Infiniti will delay the start of production of its upcoming QX55 by five months, the automaker told its supply chain.
The QX55 was to arrive in dealerships this summer as a coupe-like version of Infiniti's QX50 compact crossover, with production beginning in June. But it will now start in November, suppliers were informed in a letter dated Jan. 13 from Nissan North America's manufacturing team in Aguascalientes, Mexico.
The letter vaguely referred to a need "to ensure production capability" at the plant.
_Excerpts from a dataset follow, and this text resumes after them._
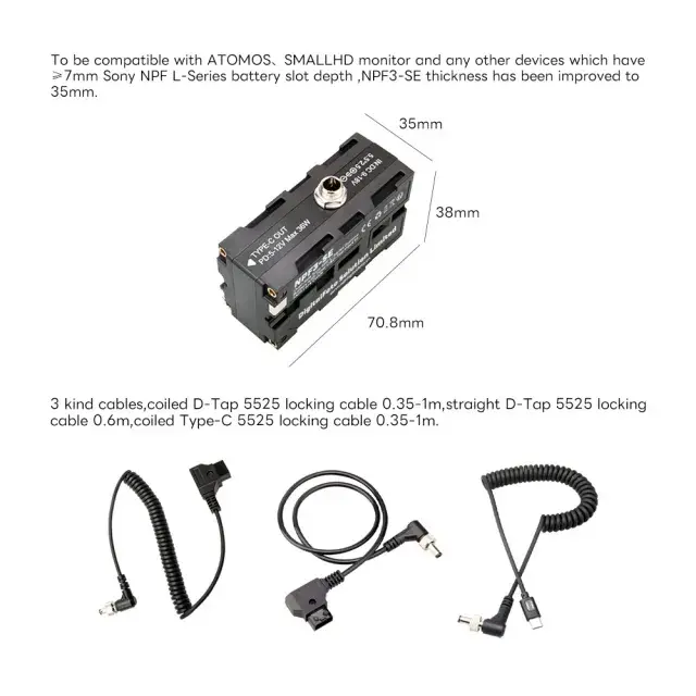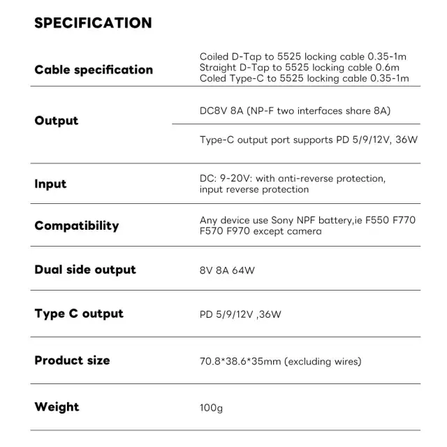 1. 3 kind cables,coiled D-Tap 5525 locking cable 0.35-1m,straight D-Tap 5525 locking cable 0.6m,coiled Type-C 5525 locking cable 0.35-1m.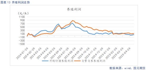 截止5月16日,自繁自養(yǎng)養(yǎng)殖盈利122.23元/頭,盈利較上周環(huán)比擴(kuò)大8.73元/頭。外購(gòu)仔豬養(yǎng)殖盈利56.69元/頭,盈利較上周擴(kuò)大24.99元/頭。豬價(jià)近期小幅走弱,不過(guò)豆粕價(jià)格持續(xù)回調(diào),飼料成本整體回落,養(yǎng)殖端利潤(rùn)有所回升。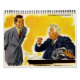 12 month vintage illustration business calendar featuring various occupations including firemen, mailman, construction workers, architects, businessmen, secretary, and a switchboard operator.

A U.S. spokesman for Infiniti did not elaborate on the situation, except to say, "As noted in the letter from the production facility to suppliers, operational efficiencies drive projects to move — sometimes forward, sometimes backward— as we progress toward the start of production of a new model."
The Infiniti QX55, like the QX50, will be assembled at the $1.4 billion joint-venture Aguascalientes plant co-owned by Nissan and Daimler.
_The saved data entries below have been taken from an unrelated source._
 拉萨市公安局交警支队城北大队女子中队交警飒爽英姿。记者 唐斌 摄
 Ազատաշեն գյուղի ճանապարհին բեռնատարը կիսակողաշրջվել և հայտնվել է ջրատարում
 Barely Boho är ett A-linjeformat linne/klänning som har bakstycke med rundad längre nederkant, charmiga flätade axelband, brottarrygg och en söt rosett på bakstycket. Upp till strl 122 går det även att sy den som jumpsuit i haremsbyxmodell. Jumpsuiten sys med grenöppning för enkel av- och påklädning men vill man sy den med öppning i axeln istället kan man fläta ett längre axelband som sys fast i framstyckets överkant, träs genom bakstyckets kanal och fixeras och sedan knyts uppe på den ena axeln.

A potential competitor to the Mercedes-Benz GLC Coupe and BMW X4, the new Infiniti model is expected to be powered by a 2.0-liter turbocharged four-cylinder engine.
The QX55 has a sloping roofline inspired by the first-generation FX performance crossover. While the new model shares design elements with the QX50, the fascia is different and sports a new grille design.
The QX55 is aimed at customers "for whom utility is still important, but styling is paramount," Infiniti Product Planning Director Tim Franklin told Automotive News in October.
"It's targeted at pre-family [couples] and singles who are willing to take some compromise on space for style," Franklin said.
Adding a coupe-like derivative is a low-investment way to bring new customers into the brand, said Ed Kim, an analyst with AutoPacific.
"It offers a more style-driven counterpart to the QX50 that can potentially bring more conquest customers to Infiniti," Kim said.
"As sales of Q50 and Q60 [cars] continue to shrink, Infiniti needs to backfill their lost volume with new and relevant products. QX50 is one step, and QX55 is yet another."
The QX50 also suffered launch snafus. While executives heralded the QX50 as the brand's most important product since the original Q45 luxury sedan three decades ago, the model so far has failed to gain market traction. U.S. sales of the crossover fell 27 percent last year.
The brand's management last year acknowledged that the QX50 had not been launched with the right configurations.